You can fool the mind for a short time. Lots of guys CLAIM they aren't bothered by heavy kicking rifles. And for a certain number of shots it appears they are right. But I don't care how big or tough you think you are you reach a point where your brain says NO! All of us will shoot better with less recoil.
Absolutely. The more recoil, the sooner the flinch shows up. I have been having a terrible time getting the accuracy I want, out of my 35 Whelen's, and I am convinced it is due to recoil. I prefer to shoot ten shot groups to determine accuracy. It does not take too many 200 gr, 225 gr ten shot groups before I am bucking and kicking like a donkey, before the trigger breaks.
This little bugger is too light and the recoil is punishing.
I have removed the long scope on this Remington, because of insufficient eye relief. The eye piece regularly smacked my shooting glasses on recoil! Incidentally, when I had a 35 Whelen built around a Dumoulin Mauser action, I specified a 14 1/4 stock pull, precisely because I wanted more clearance between my eye, and the scope.
After shooting maybe 50 to 100 rounds through several 35 Whelens, the recoil from a 30-06 is positively light.

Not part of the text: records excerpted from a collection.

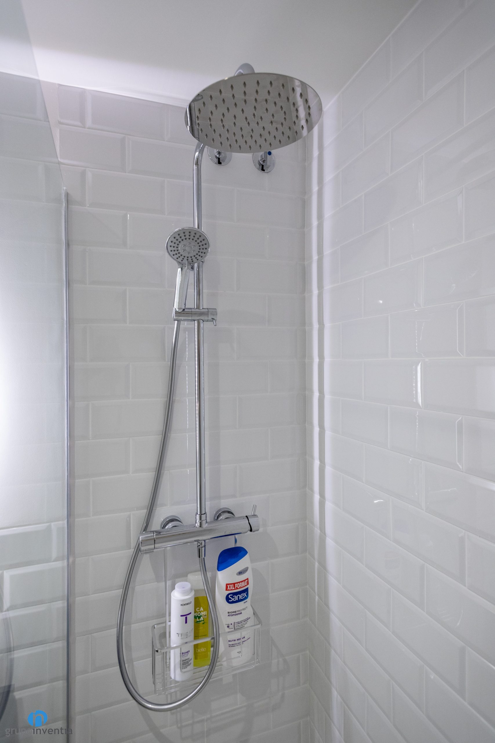 También se ha renovado la zona de aguas colocando un plato de ducha rectangular. Se ha generado un espacio amplio y que se adapta a todo tipo de momentos. Es una ducha a ras de suelo que permite una excelente movilidad. Para proteger el resto del cuarto de baño de salpicaduras se ha colocado una mampara estática y transparente.
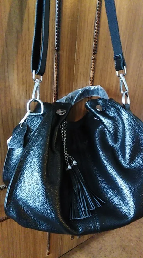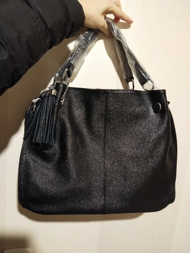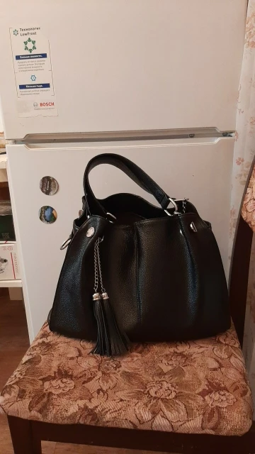 Сумка хорошая, качественная, цвет черный, достаточно вместительная, с хорошей фурнитурой, доставка на юг России месяц, почтой России, трек отслеживания. Продавец добросовестный, следить за развитием своего бренда. это не кустарное производство, а фабричное. Положили открытку с хорошими пожеланиями. Все части сумки в которых видно изнанку это кожа. Весит достаточно много, что тоже свидетельствует о том что пошита из толстой, настоящей кожи. Дно укреплено. Покупкой довольна. Продавца рекомендую.
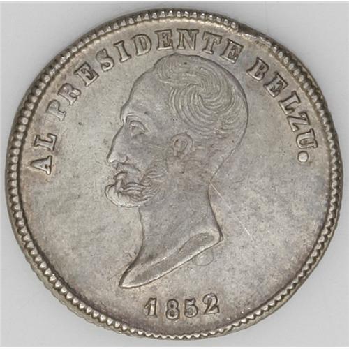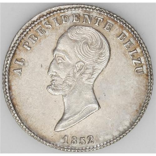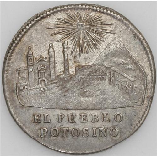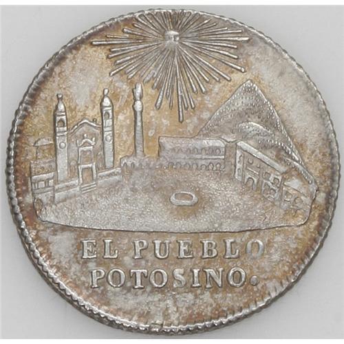 <B>Republic Proclamation 1 Sol 1852 - Two Varieties, </B></I>Burnett 51A1, superb toned AU-UNC, and Burnett 51A2, no period after Potosino, choice toned XF-AU. Obv: President Belzu; Rev: nice view of the city of Potosi with the sun shining above.
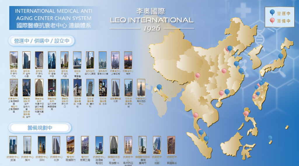 李奧國際集團以其領先的高端奢侈品管理經驗為基礎,積極拓展醫療市場,致力於成為亞太地區健康管理的領航者。集團目前在亞太多地設立醫療據點,包括台北的醫療總管理中心、北京的再生醫學中心以及上海的養生中心,並逐步擴展至吉隆坡、大溪地和廣州等城市。這些據點不僅是集團進軍醫療領域的重要橋頭堡,更是其整合全球頂尖醫療資源的樞紐。
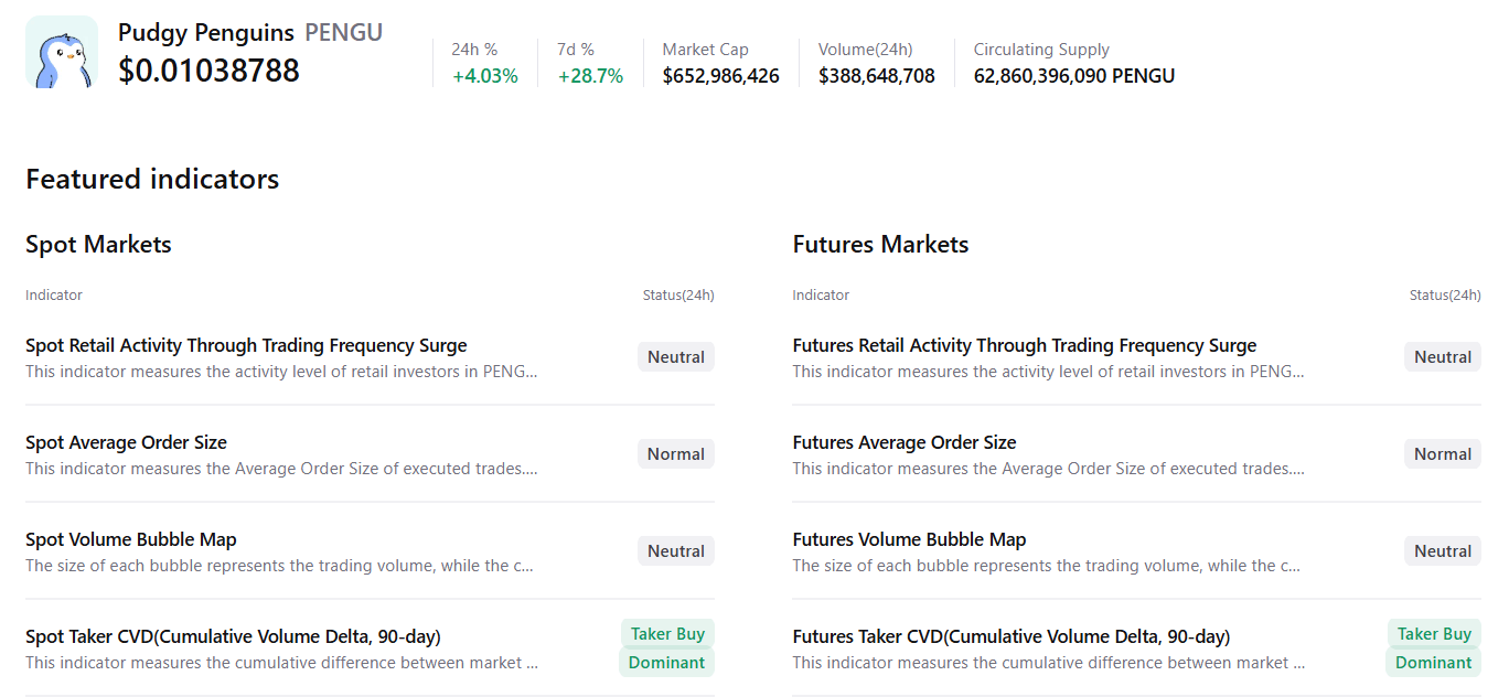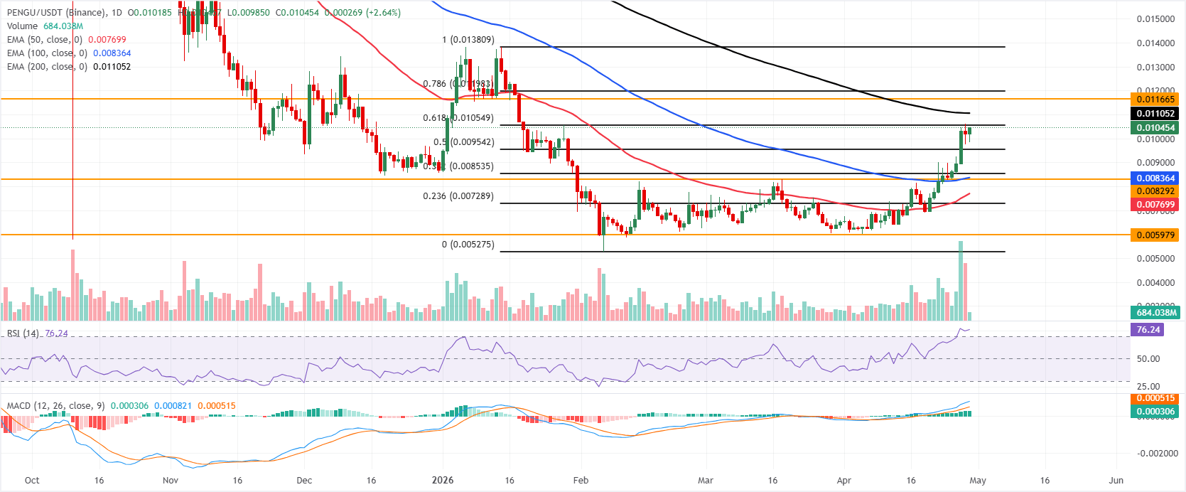 The Relative Strength Index (RSI) on the daily chart hovers in overbought territory near 76, and the Moving Average Convergence Divergence (MACD) remains positive, which together suggest strong but stretched upside momentum as PENGU challenges nearby resistance.

Even with 22 LR's, I have to work on the flinch, each and every shot. I recently lost third place, at a Small Bore regional, with this rifle due to the flinch reflex.
On the last target, which was the 50 meter target, I dropped a low nine and shot a 1597 when a 1598 would have earned me third. I was not concentrating on trigger pull, the trigger had not broke, but the body thought it had, and the body pushed the shot low. This 22lr with sights has to be close to ten pounds, the recoil, the blast, is minuscule, and yet, I'll flinch.
The worst recoiling long gun I own is an H&R Topper, 12 Ga, single barrel shotgun. Shoot that thing with buck or slugs, and it will bruise my shoulder.